Advances in medical science and public health have benefited billions of people with longer and higher quality lives. Yet this crucial social asset has joined the list of those fields corrupted by the dash for climate cash. Increasingly, medical talent and resources are diverted into inventing bogeymen and studying imaginary public health crises.
Thus it is welcome news that confirmed Secretary of Health and Human Services (HHS) RFK Jr. has stopped funding of climate medicine at National Institutes of Health (NIH). Mother Jones reported its disapproval RFK Jr., Onetime Environmentalist, Kills NIH Climate Change Programs.
Subtitled: He pulled HHS support from projects that aim to protect Americans’ health. fight climate change. (my correction of MJ subtitle).

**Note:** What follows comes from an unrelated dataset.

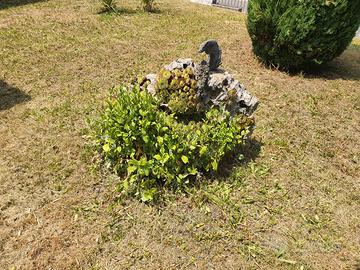Perfetto per decorare giardini o spazi esterni, questo sasso ha una forma unica e alcune piante che lo circondano, donando un tocco naturale e originale all'ambiente.

On February 14 of this year, his second day as secretary of the Department of Health and Human Services, he ended HHS funding for climate change and health programs at the National Institutes of Health, a move that will likely terminate this work.

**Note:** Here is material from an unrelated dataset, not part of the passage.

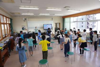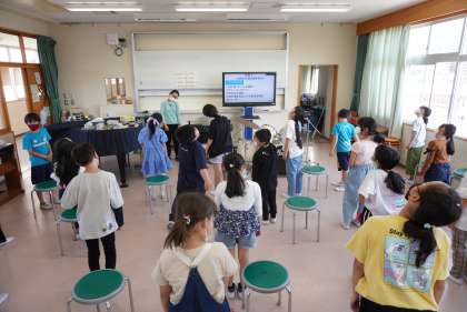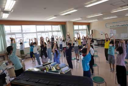 4年2組の音楽の授業です。体操教室ではありません。発声するためのウオーミングアップです。

That day, Ken Callahan, a senior adviser for policy and implementation in the Immediate Office of the Secretary for HHS, sent an email to Dr. Matthew Memoli, the acting director of NIH, noting that HHS would no longer support three programs run by the agency: theClimate Change and Health Initiative, the Climate Change and Health Research Coordinating Center, and the Climate and Health Scholars Program.
In the email, a copy of which was obtained by Mother Jones, Callahan cited Executive Order 14154, titled “Unleashing American Energy,” which President Donald Trump signed on his first day in office last month to revoke executive orders President Joe Biden had previously issued to implement actions to address climate change.
As Richard Lindzen predicted, everyone wants on the climate bandwagon, because that is where the money is. Medical scientists have pushed for their share of the pie, as evidenced by the Met office gathering on Assessing the Global Impacts of Climate and Extreme Weather on Health and Well-Being (following Paris COP). Not coincidentally, the 2nd Global Conference on Health and Climate was held July 7-8, 2016 in Paris. Following that the American Public Health Association declared: 2017 is the Year of Climate Change and Health.
NIH: Why Climate Change Is a Health Threat
The NIH Climate Change and Health Initiative Strategic Framework claims:
For some time, international scientific consensus has been that climate
change poses an existential threat to human beings. A report of the
Intergovernmental Panel on Climate Change (IPCC), the United Nation’s
body for assessing the science related to climate change, concluded in
a recent report: “Any increase in global warming is projected to affect
human health, with primarily negative consequences (high confidence).”1
The report further concludes that, “Compared to current conditions, 1.5°C
of global warming would nonetheless pose heightened risks to eradicating
poverty, reducing inequalities, and ensuring human and ecosystem
well-being (medium evidence, high agreement)
and they conclude:
A mounting number of assessments and reports provide undeniable
evidence that climate change is resulting in increasingly profound changes
to the global environment with direct and indirect consequences for human
health and well-being. Closely intertwined with this threat are the more
tangible and proximal risks of natural disasters, a global pandemic,
societal unrest, and the ever-familiar menaces of poverty and inequity.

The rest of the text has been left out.